=== ABOUT THIS TASK ===
Would you return the listing exactly as written, apart from its pictures?

=== DATA EXCERPT ===
[Start of Attachment]

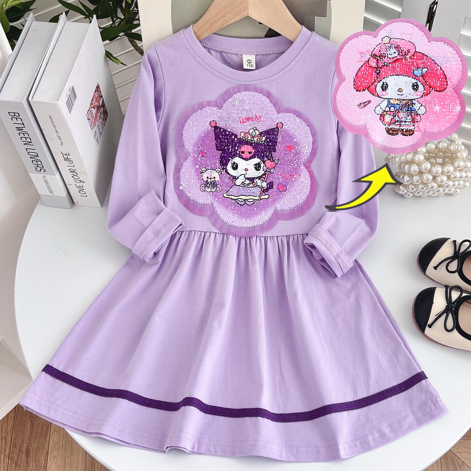 库洛米女童长袖连衣裙儿童秋季亮片变脸衣服女孩子纯棉裙子玉桂狗
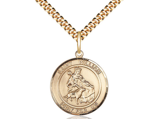 Saint William of Rochester round medal, Gold Filled. Made in the USA. Manufacturers lifetime guarantee. Gift boxed.
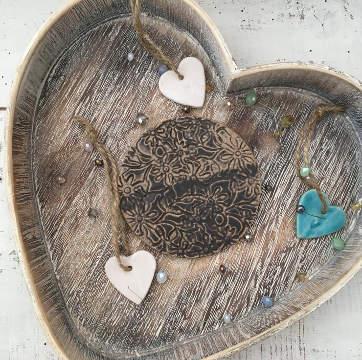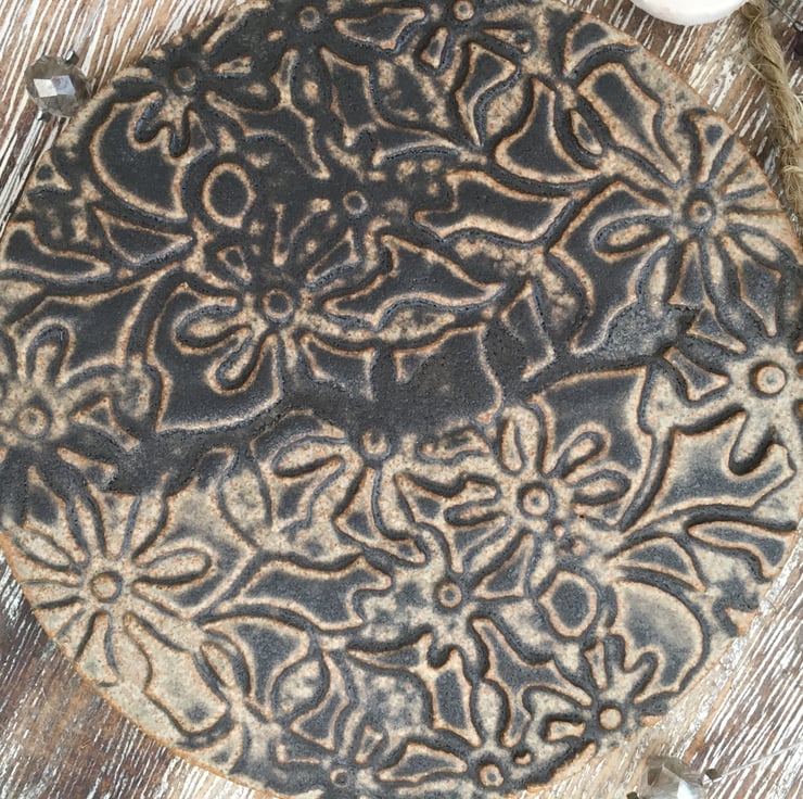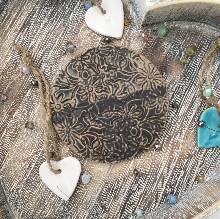 Ceramic teapot stand, large coaster, Hand made in Yorkshire.

[End of Attachment]

=== ANSWER SPACE ===
 库洛米女童长袖连衣裙儿童秋季亮片变脸衣服女孩子纯棉裙子玉桂狗
 Saint William of Rochester round medal, Gold Filled. Made in the USA. Manufacturers lifetime guarantee. Gift boxed.
 Ceramic teapot stand, large coaster, Hand made in Yorkshire.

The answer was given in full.